Тотчас же двое молодцов побежали в зал клуба и вынесли оттуда, при всеобщем веселом оживлении, какую-то картину размером в квадратный метр.
Трое проигравших вышли вперед под аплодисменты толпы. Я пробрался в первый ряд зрителей и с изумлением увидел, что на холсте изображен зад! Зад как таковой. Без ног, без рук, без спины. Ничего, кроме ничейного зада, просто седалища, которое художник для красоты сделал розовым, по-моему даже неестественно розовым.
Голоса в толпе требовали:
— На колени!
Трое побежденных послушно стали на колени. Двое из них все время смеялись натужным смехом, но третий, весь бледный, не сказал ни слова и понурил голову.
Двое молодцов, державших картину, поднесли ее к лицу капитана команды, и он смиренно приложился к этим неестественно розовым округлостям.
Потом он громко захохотал, но я понимал, что смеется он не от души. Самый младший, стоявший рядом с капитаном, повесил голову и так стиснул зубы, что на щеках выступили желваки. А я — я сгорал от стыда за них… Однако кто-то им зааплодировал — как видно, одобрил верность традиции, а господин Венсан пригласил их выпить по стаканчику, но капитан покачал головой, и, не проронив ни слова, они удалились.
***
Вторая и третья партии прошли без особых происшествий: Пессюге разгромил две команды подряд — Оноре и Камуэн. Им удалось все же спасти свою честь: одна выиграла четыре, другая — два очка. «Интернациональная тройка Буш-дю-Рон» и впрямь здорово играла в шары, и я начал сомневаться в победе беллонцев, хоть они как раз разбили в очень изящном стиле Аккаты и команду «Четырех Времен Года».
К полудню в игре осталось только пять команд: Пессюге, беллонцы, Камуэны, Валантин и Роквер.

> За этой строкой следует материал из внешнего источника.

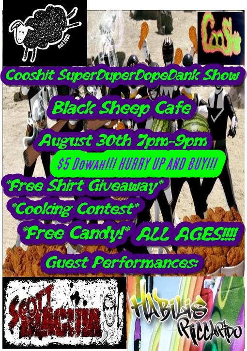 Below is one of the fine beats I was talking about by Cooshit, so give it a listen and check out the facebook event right here. Make sure to check out these other shows that are coming up at The Black Sheep Cafe!
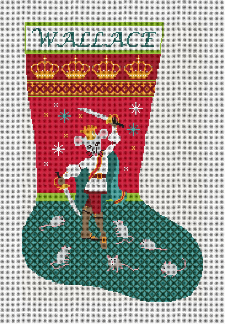 Every great story needs a villain. In Tchaikovsky's Nutcracker Suite, the Mouse King plays this part perfectly. When the clock strikes midnight things become alive. The Mouse King corners the beloved Nutcracker and battle pursues. Things quickly come to a halt when Clara throws her slipper at the Mouse King, hitting him square in the head. The Mouse King is taken away by his army of mice thus ending the conflict. We think our Mouse King Nutcracker needlepoint kit will make your holidays come alive. This stocking would also look great as part of a series of stockings to stitch for your fireplace, with Clara and the Sugar Plum Fairy. (DMC embroidery floss is optional, does not include finishing materials)

Бесконечно гордые своими первыми успехами, мы поднялись на холмогорье, чтобы позавтракать в «Новой усадьбе» с нашими почетными гостями — Лили и Моном, как ни отнекивался старик и уверял, что не сумеет есть сидя. Все же он принял наше приглашение и по дороге забежал домой, чтобы подстричь садовыми ножницами бороду и даже решился помыть руки.
Впрочем, за столом он прекрасно держался. За завтраком я спросил отца:
— Если остается только пять команд, как будет проходить жеребьевка?
— Очень просто. Тот, кто вытянет первый номер, будет играть против второго номера, а третий — против четвертого. А пятый будет отдыхать, его примут в следующий тур, как если бы он выиграл.
— Это несправедливо, — сказала мама.
— Случись это с нами, мы бы сказали, что это справедливо! — заметил Мон.
— Да и как же быть? — сказал Жозеф. — Поскольку число команд каждый раз нужно делить на два, мы неизбежно столкнемся с нечетными числами. Если только общее число команд не является частью геометрической прогрессии, кратной двум как 2, 4, 8, 16, 32, 64 и т. д.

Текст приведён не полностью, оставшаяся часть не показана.